I saw Angels in America in high school, and it changed me. I didn’t know theater could be like that, so huge and so small at the same time, so epic and so particular, the personal never drowned out by the bigger questions but rather immediately felt as at the center of them. It felt so fearless. I didn’t know actors could do that. I didn’t know how the actors did that. Made that extraordinary thing and then lived it through so deeply time and again. I should seriously ask him. Spinella. I’d be embarrassed though. “Stephen. HOW do you do that?” Like, that just sounds bad.
So when I auditioned for the new Kushner play, and when we started working on it initially, we didn’t have written material. It’s not that there wasn’t a play, because there was, we just didn’t have written material. Instead of beginning with the words, we began with conversations. Tony spoke to us about the world of the play, what he was thinking about around it, the relationships in it, and who we were. He spoke to me about Eli (the character I play), what he thought about him, what he doubted about him, where he lived, what he did, things he was interested in, his world. It was an incredible way to start. Purely imaginatively. Pure fantasy. No way to get mired in “I wonder what the best way to say this line is?” Just spending time in the imaginative world of who this person is. Amazing.

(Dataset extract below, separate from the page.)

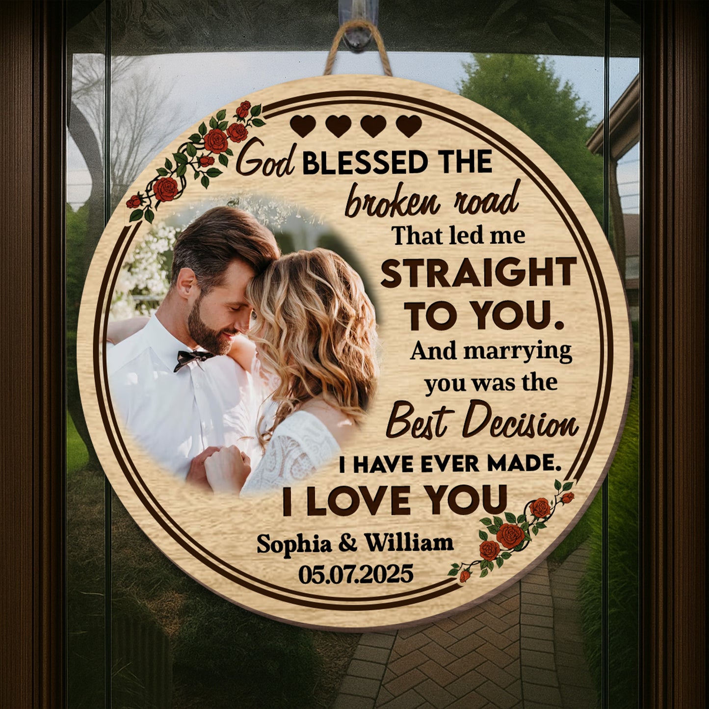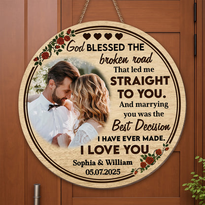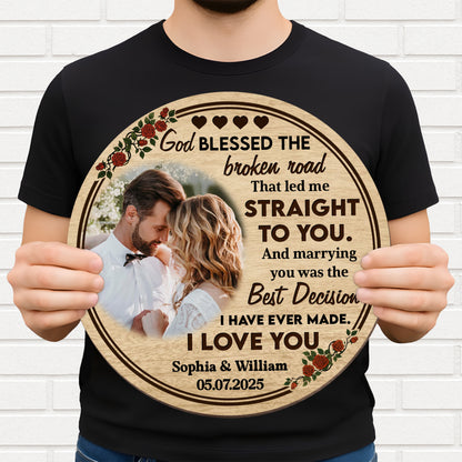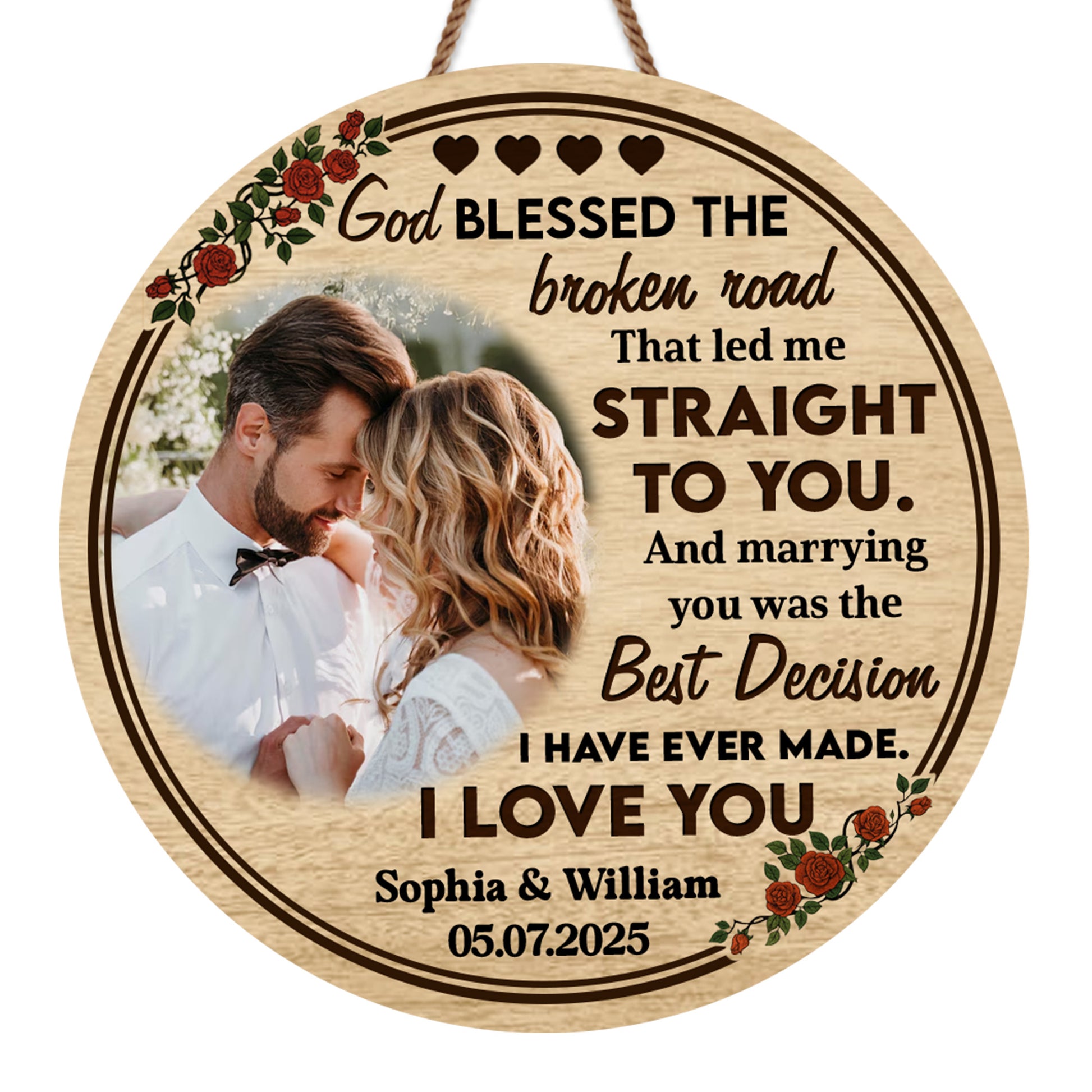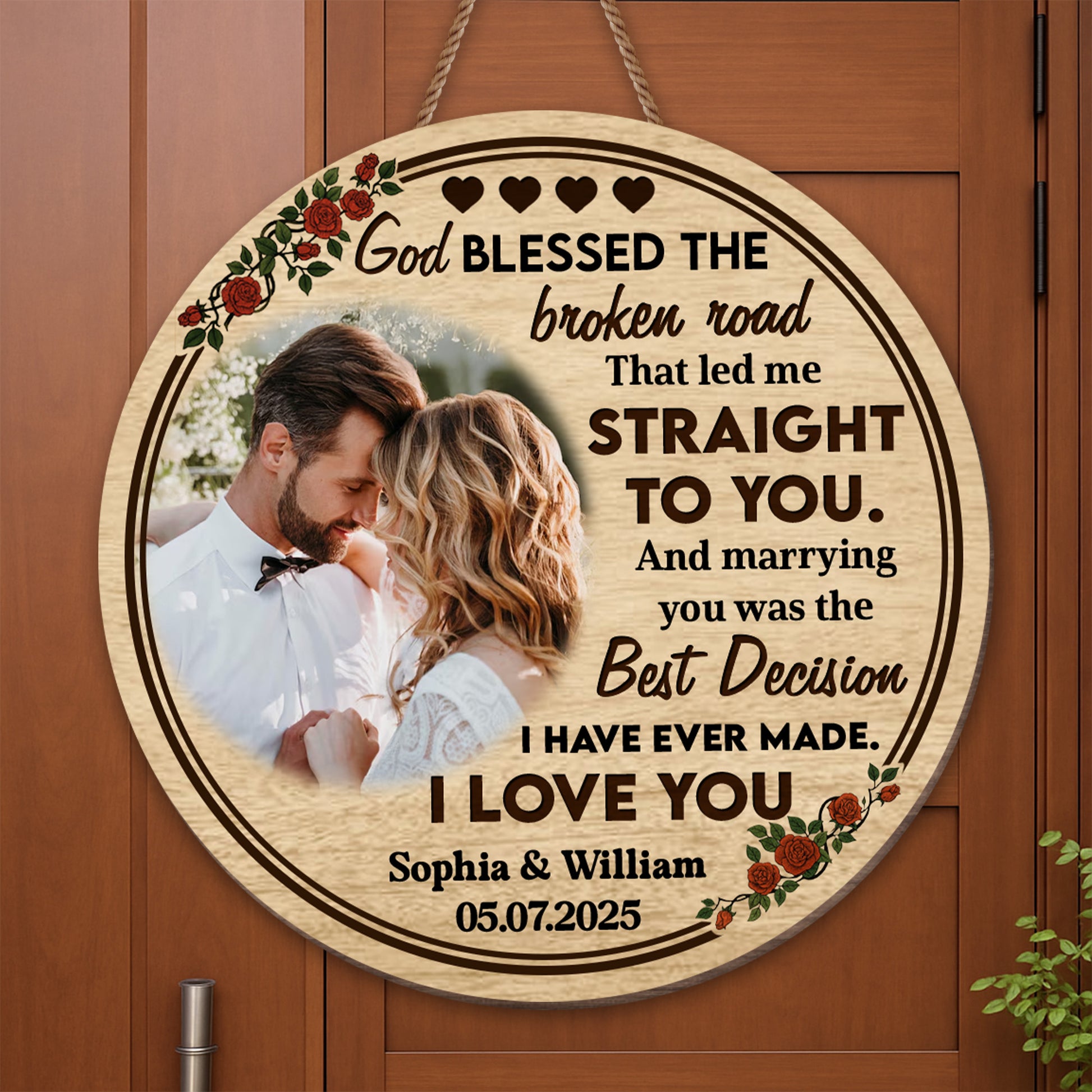 God Blessed The Broken Road, Roses And Hearts Design, Custom Wood Sign, Gift For Spouses

And then, when were in Minneapolis working on it, pages would come in throughout the day. I’d be called in to rehearsal, and Tony would come down and hand us pages still hot from the printer, and I’d read them through, these unbelievable scenes, for Michael Greif and Tony, with Stephen Spinella mostly, who awed me as a kid in the audience of Angels, and now awes me as an adult actor on the stage of the Public Theater. So. That’s a truly remarkable thing for me.

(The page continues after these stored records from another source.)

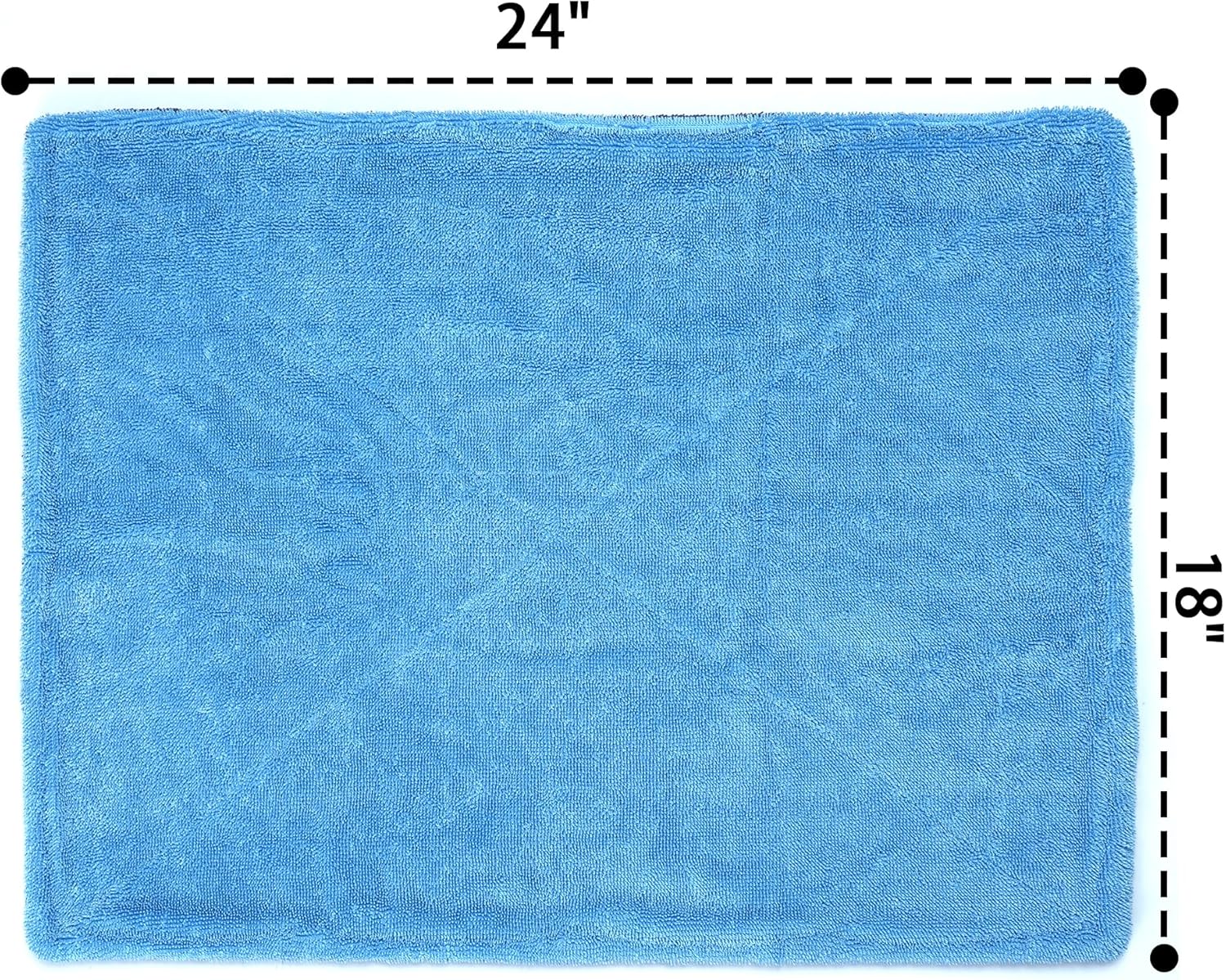 Greenfound Microfiber Towel for Cars, 1000GSM Car Drying Towel, Double Twist Pile & Edgeless Design, No Streaks, Scratches, or Water Spots, Soft and Absorbent, 18"×24", Blue&Grey
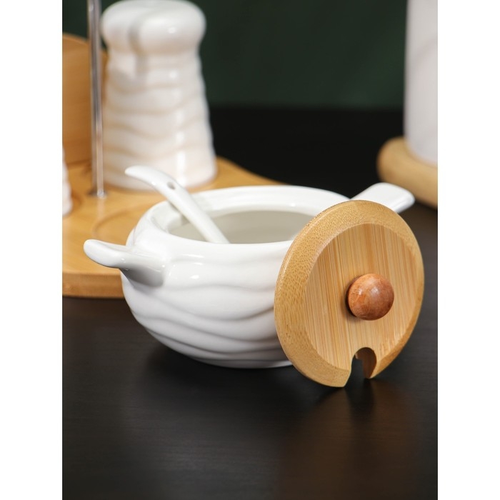 Набор для специй на деревянной подставке BellaTenero, 4 предмета: солонка 70 мл, перечница 70 мл, сахарница 250 мл, салфетница, цвет белый
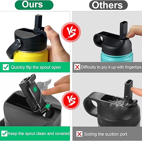 【İtme ALT AĞZ KAPAĞI】Eğimli açılı ağız ile tasarlanmış otomatik açılır ağız kapağı tek elle içme deneyimi için daha uygundur, içecek ağzı, suyu emmek için çok fazla kuvvet olmadan büyük miktarda su akışı sağlar, bu da çeşitli durumlarda ihtiyaç için çok uygundur.
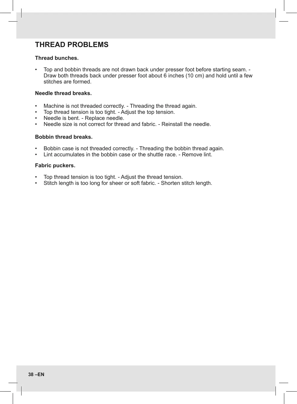 • Lint accumulates in the bobbin case or the shuttle race. - Remove lint.
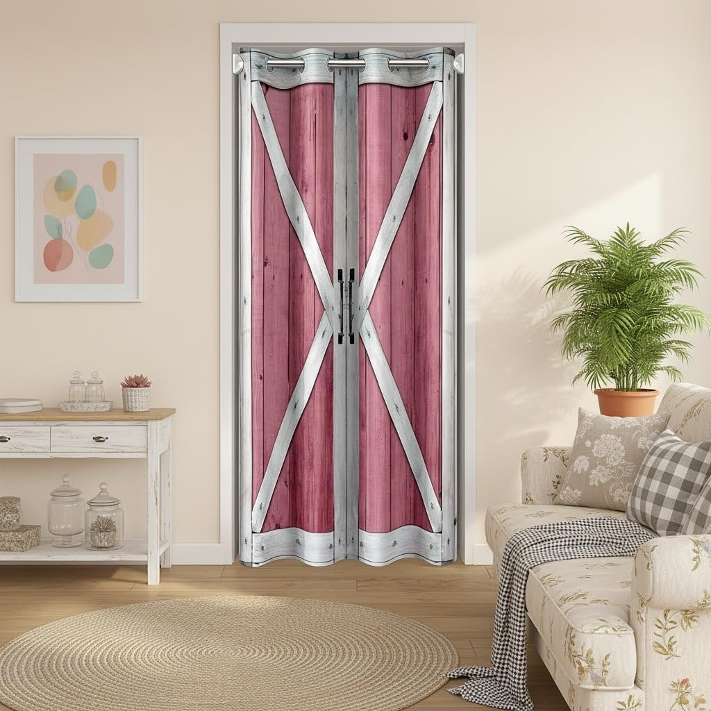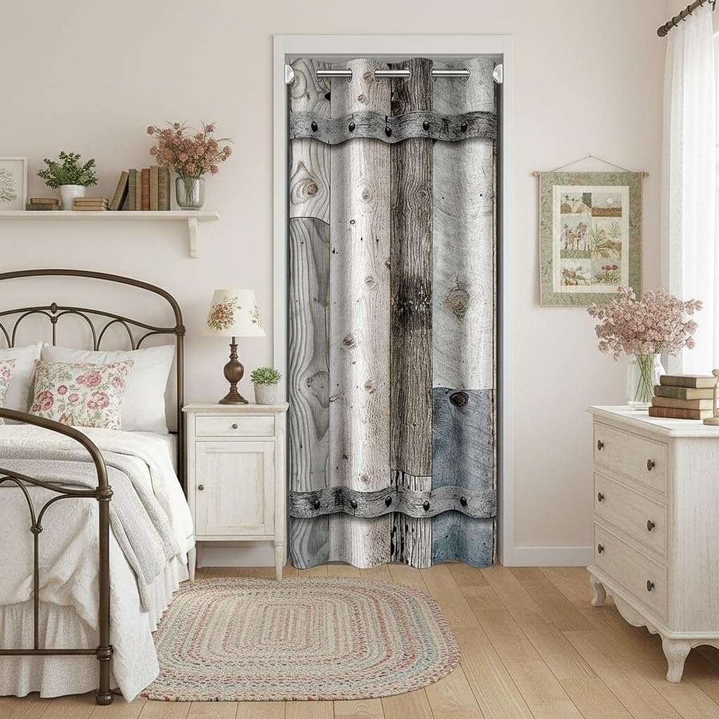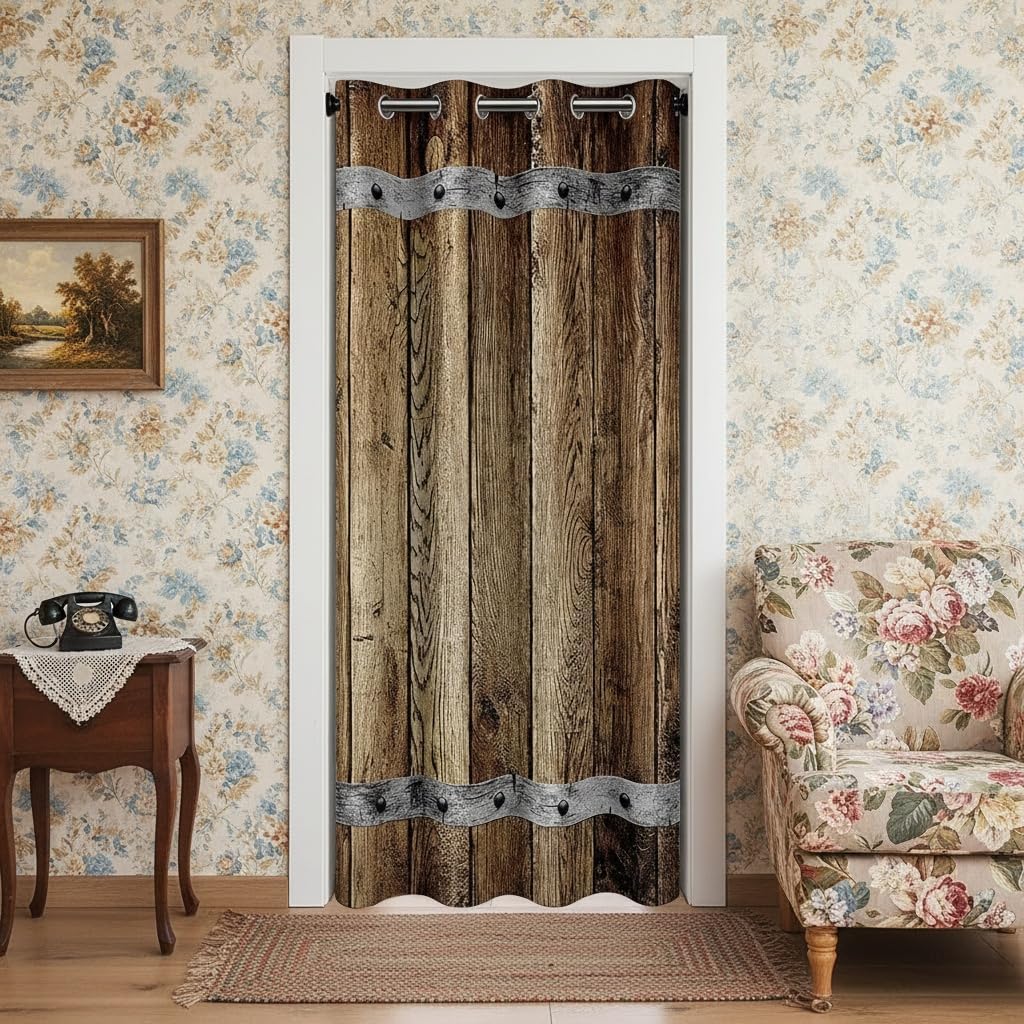 Rustic Wood Door Curtain,Barn Rural Village Farm Room Divider Door Cover for Kids Adults Privacy,Rustic Farmhouse Wooden Door Closet Door Cover Curtains for Bedroom Living Room 1 Panel,34"W X 80"L

The pieces are so different, of course, singing and not, suburban punk and not, dancing/couching and not, and on and on. I have totally different hair now and stuff. The worlds are very different. The modes of communication are very different, the styles are very different, and so therefore are many of the demands and rewards. It’s been dizzying at times, readjusting to one or the other. Confusing at times, frustrating at times, terrifying at times. They both have a kind of feverish intensity that can easily overwhelm as it exhilarates. They both say, “If you really believe in me, and understand me, and love me, you’ll do x.” And x is a very large number. So that’s hard.

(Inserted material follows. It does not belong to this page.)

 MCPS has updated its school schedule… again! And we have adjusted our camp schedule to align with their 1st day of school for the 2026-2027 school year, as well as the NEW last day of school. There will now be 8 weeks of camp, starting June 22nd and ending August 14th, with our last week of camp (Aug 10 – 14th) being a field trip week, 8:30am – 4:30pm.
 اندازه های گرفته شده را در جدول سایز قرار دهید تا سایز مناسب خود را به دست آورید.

But it should be hard that way, right? I’m so lucky for that kind of difficulty. That’s what we ask for when we say we want to be actors, what we hope for and maybe never get. To be so tested and extended? To be fighting in the center of something we believe in? To be working not just on something but for something? That’s it. That’s what I’ve gotten to experience the past two years. I have this in me? And this? And this? And though navigating the differences in the shows was tricky sometimes, hard to let go of one, lost in another, and then back the other way around, that feeling was a shared constant between the two of them. Of being for something. Of being bettered. And thank God. Although, perhaps as a result of all the feverishness, I sometimes still have no idea, like, where I am. So also maybe, thank god for google maps. And friends and family, and therapy and cookies. And OK, I’m done.